At the court of public opinion

And lo! I found myself in a great vaulted court, upon the bench of which crouched a monster whose limbs shook incessantly, and whose face was bloated and twisted and black. And from his flabby mouth, each time he exhaled, issued a myriad sparks, which were drenched to cinders by the bile that followed them, and fell upon the granite blocks of the walls and on the beams and ceiling, and on the furnishings and on the floor, which was a sea of hissing, creaking clinker, while everything else besides was vanishing under a film of soot.
And I said to the demon at my side, who was naked except for a pork pie hat, and scratching himself, “what manner of creature is this?”
And he replied, “The name of the monster is ‘Opinion,’ and his time is the last winter of the living language.
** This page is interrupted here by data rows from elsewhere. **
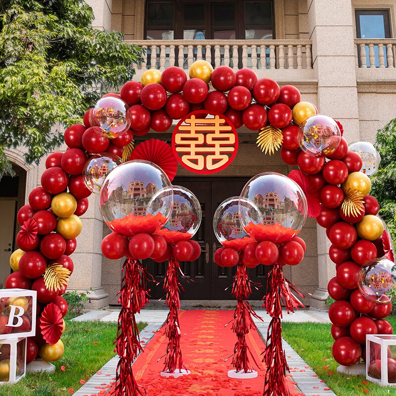 气球拱门室外农村婚礼现场布置结婚酒店场地装饰路边开业婚庆用品
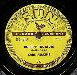 "Boppin' the Blues" is a 1956 song written by Carl Perkins and Howard "Curley" Griffin and released as a single on Sun Records in May 1956. The single was released as a 45 and 78, Sun 243, backed with "All Mama's Children", a song co-written by Perkins with Sun labelmate Johnny Cash.[1]
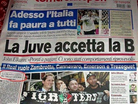 Così Paolo Condò, noto giornalista, intervenuto negli studi di Sky Sport, in merito alla posizione della Juventus di voler vedersi riassegnati gli scudetti revocati negli anni di Calciopoli.
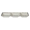 Present your favorite appetizers and snacks with unmatched elegance using the Regency silver 3 Section Tray. This beautifully designed 15" x 5.5" tray is perfect for hosting, enabling you to serve a variety of treats in style, from olives and nuts to an assortment of candies. Pair with other pieces of the Regency collection for a stunning presentation.
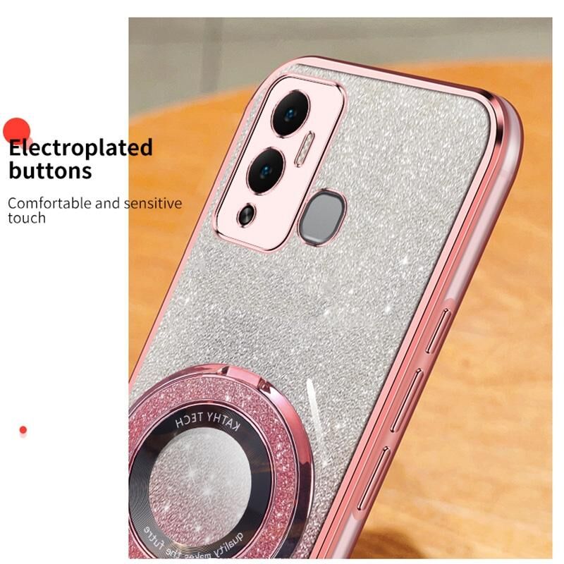 Για το Infinix Hot 12 Play Plated Gradient Glitter Round κάτοχος TPU τηλέφωνο υπόθεση (ροζ)
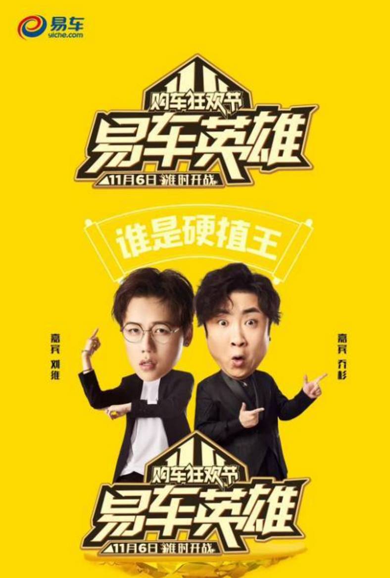 除了推出黑科技产品,易车还自制了极具娱乐传播性的综艺节目《易车英雄》(同样是行业首次,看来易车特别注重首发优势),同时邀请汽车大咖联盟参与购车节服务。
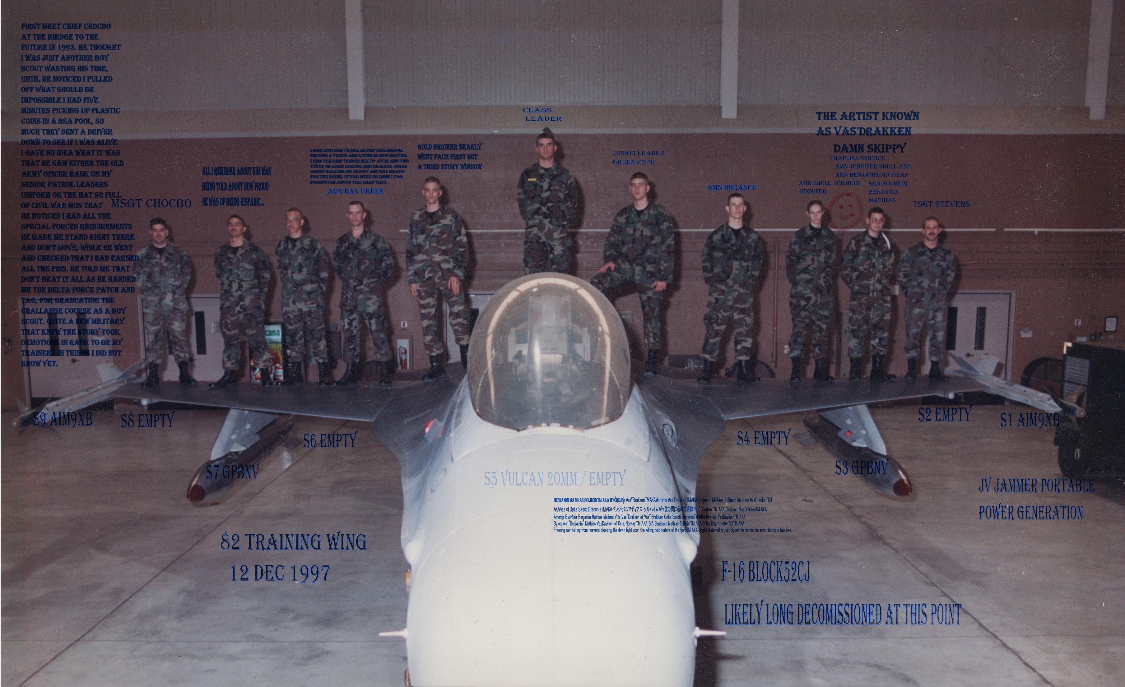 This was my F-16 Block 52 I flew and the load crew is pictured below. The joke is Major General Sai Vitchia is picture above and Airman Solheim below... as above so below... I have no idea where the gas mask inserts
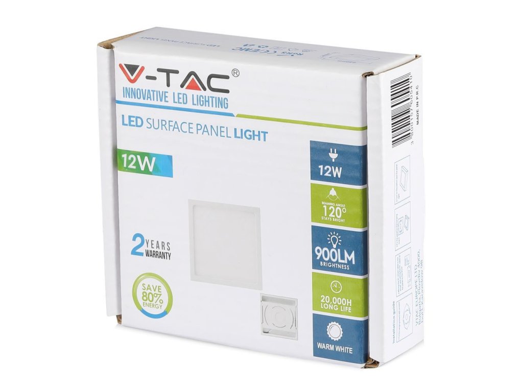 LED nadgradna ploča s napajanjem, 12W, 900lm, kvadratna
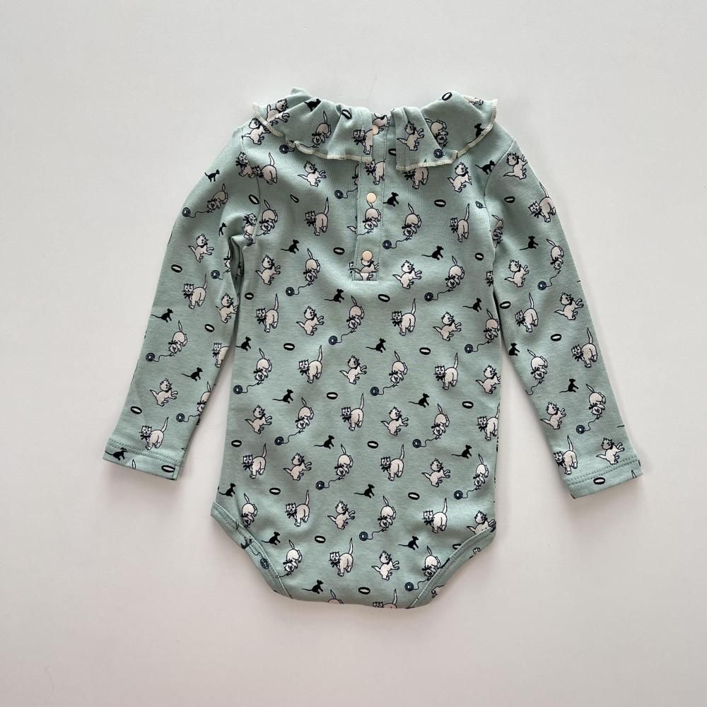 襟に小さなリボンとフリルカラーがついたonesie。
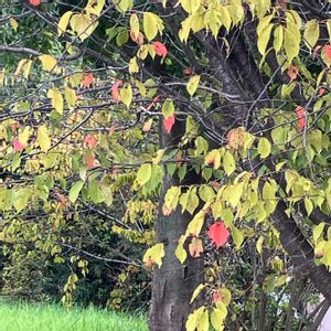色づいていく果実と美しい桜葉を眺めて ゆっくり歩いていると カンザンでしょうか 最後のお花を観ることができました😊 ① 🍒キクシダレザクラ(菊枝垂桜) ② 🍒カンヒザクラ(寒緋桜) ③ 🌸カンザン(関山) ④ 🌿ヤマザクラ(山桜)
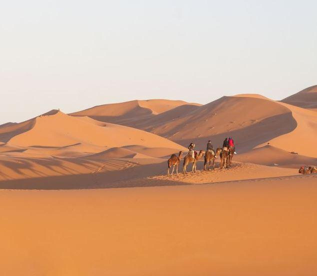 Ezen a napon déli irányba indulunk, átkelünk az Atlasz-hegységen a Szahara irányába. Az első megállónk Ifrane, a marokkóiak 1660 méter magasan fekvő üdülővárosa. A hely különlegességét az adja, hogy Ifrane jobban emlékeztet egy európai városra, mint egy marokkóira. Ennek oka, hogy a várost még a francia gyarmatosítók alapították a XX. század első felében.Később az Atlasz-hegység déli oldalán, a Ziz folyó látványos völgyében ereszkedünk lefelé, a táj egyre sivatagosabbá válik, míg végül a délutáni órákban megérkezünk a Szaharába, Merzouga szállodatelepülésre, Erg Chebbi látványos homokdűnéihez. A dűnék magassága akár a 150 métert is meghaladhatja. (Összehasonlításképpen Budán a várhegy 60 méter magas.) A késő délutáni órákban elsétálhatunk a homokdűnékhez, de fakultatív tevegelésre (kb. 25 EUR/fő) vagy terepjárózásra (kb. 25 EUR/fő) is lesz lehetőség. Szállás Merzougában (1 éj).
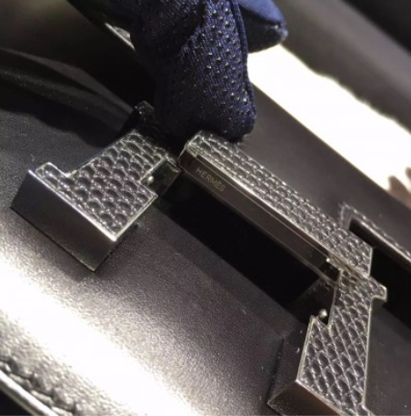 ZELDZAME Hermes Mini Constance 18cm Lizard Box Kalfsleer Palladium Hardware Handgestikt, Noir CK89 RS16457
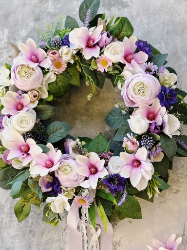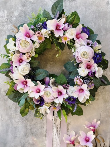 Wianek wiosenny, ozdobiony sztucznymi kwiatami magnolii, pełników, hortensji oraz różnorodnymi dodatkami, liśćmi i kokardką.
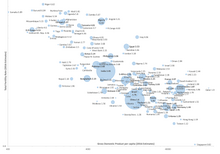 The term "lowest-low fertility" is defined as TFR at or below 1.3.[10] This is characteristic of some Eastern European, Southern European, and East Asian countries.[11] For example, in 2001, more than half of the population of Europe lived in countries with the lowest-low TFR, although TFRs there have increased slightly since then.[12]
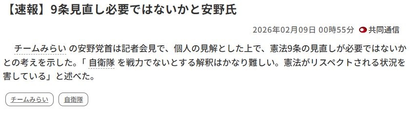 チームみらい・安野「憲法9条改正は必要だよね😅リスペクトしようよリスペクト😅」
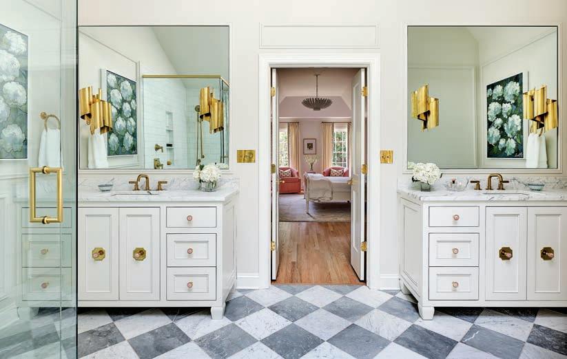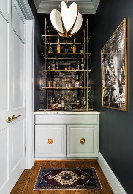 The renovation, which included the kitchen, breakfast nook, living room, laundry room, a child’s bedroom and hisand-hers wet bars, centered on the floral harlequin wallpaper in the powder room.
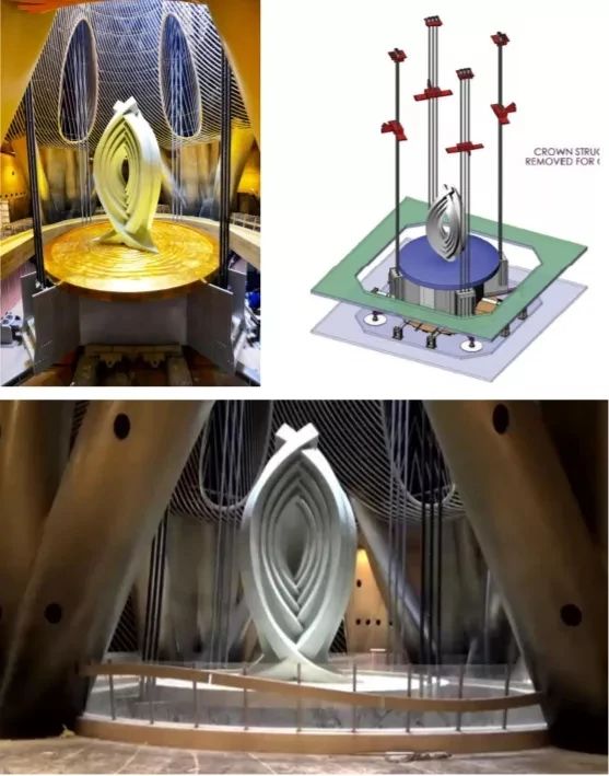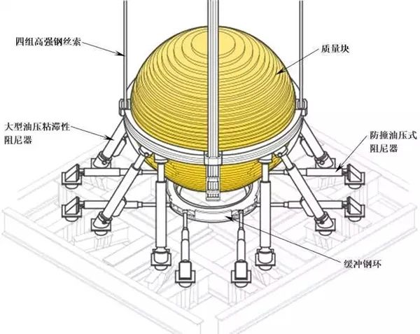 它被安裝在大廈的第126層,由吊索、質(zhì)量塊、阻尼系統(tǒng)和主體結(jié)構(gòu)保護系統(tǒng)四個部分組成,足足有1000多噸重。

In his realm there is no tender thought that goes untrampled, no guilty dream that is not seized and turned out of doors to be pilloried, no doubt or difficulty that passes unreviled.”
And as I listened and watched, there was a dismal, universal hiss, and a multitude of blackened shapes began moving in the hall, and shaking themselves, so that they spattered each other with droplets of pitch, and I thought that they were dogs or crows, but the demon said:
“These are Opinion’s people, who cleave to him because they fear the silent zones of their imaginings, and because he tears up every day behind them as it passes, and weaves all their life from the prickings of the moment.”
And as I looked, around the margins of the hall appeared others, each holding a box with a glistening eye; and I said to the demon, “what machines are those that the bored-looking men chewing gum are brandishing? I fear an emission of death rays.” And he replied: “Verily. Or not quite. Those are engines which capture a moving likeness and publish it throughout Opinion’s realm. See how the people feign that the gum-chewers and their engines are not there?”
Then the people howled, and chewed the clinker from the floor, and began to utter, all at once: “what I think is” – “there should be a law” – “at the end of the day” – “if I was the government” – “listen...” – “no, you listen...” – “the thing is, basically” – “it’s shocking, disgraceful” – “no other word for it” – “call this democracy?” – with such a clamour and commotion that scarce one phrase could be told from any other.
And all the while the monster writhed and sparked and spat, but other beings, slender, discreetly-besuited and all unbesmirched, moved among the people, robbing them of their wallets and purses, and they noticed them not.
And my demon stopped scratching, and said: “what is now proved was once only imagined.”
Then a woman separated herself from the people, and wiped the soot from her face and eyes, and said, “all this is nonsense; we just don’t understand...” but the monster roared, and showered her with bile, and sparks that fired the pitch on her body, and the other people grabbed her by the throat and buried her beneath the clinker.
I wept, and my demon said, “steady as she goes, old blubber. They haven’t even started on the football, yet.” And he took off his pork pie hat, and put me inside, and we sailed up into the clouds, where there were ice crystals, and the wind fingered my ears, and I do not know whether it was the wind or my demon who sang in a whisper:

I know a man who has nothing to say
Who has violet eyes and hair white as milk
And a waistcoat as green as a willow in May –
Six buttons are roses of pink twisted silk

And we descended in a spiral, over the sea, where I saw numberless waves, lapping and momentarily reflecting the sun, and throwing up patterns of gold and silver, which were as inconstant spheres and intertangled lines of light along the granite cliffs. Then the voice sang again:

I met a lady who never once spoke;
She’d cyclamen eyes and sloe-berry lips
And a tunic as green as a late-August oak –
Six buttons were polished carnelian hips

Then we flew low across the heath, cutting the airy way like a bird, until we came to an ancient tomb, surrounded by tall firs (within which, my demon said, were entrapped the spirits of Roman legionaries). There he set me down, and said:
“Everything possible to be believed is an image of the truth.”
Then he was gone, and a kestrel landed on the high branch of a hornbeam tree, and shifted from foot to foot. And my mobile phone rang. It was a cold call, desiring me to “participate in a survey – your views count.”
To be continued (possibly).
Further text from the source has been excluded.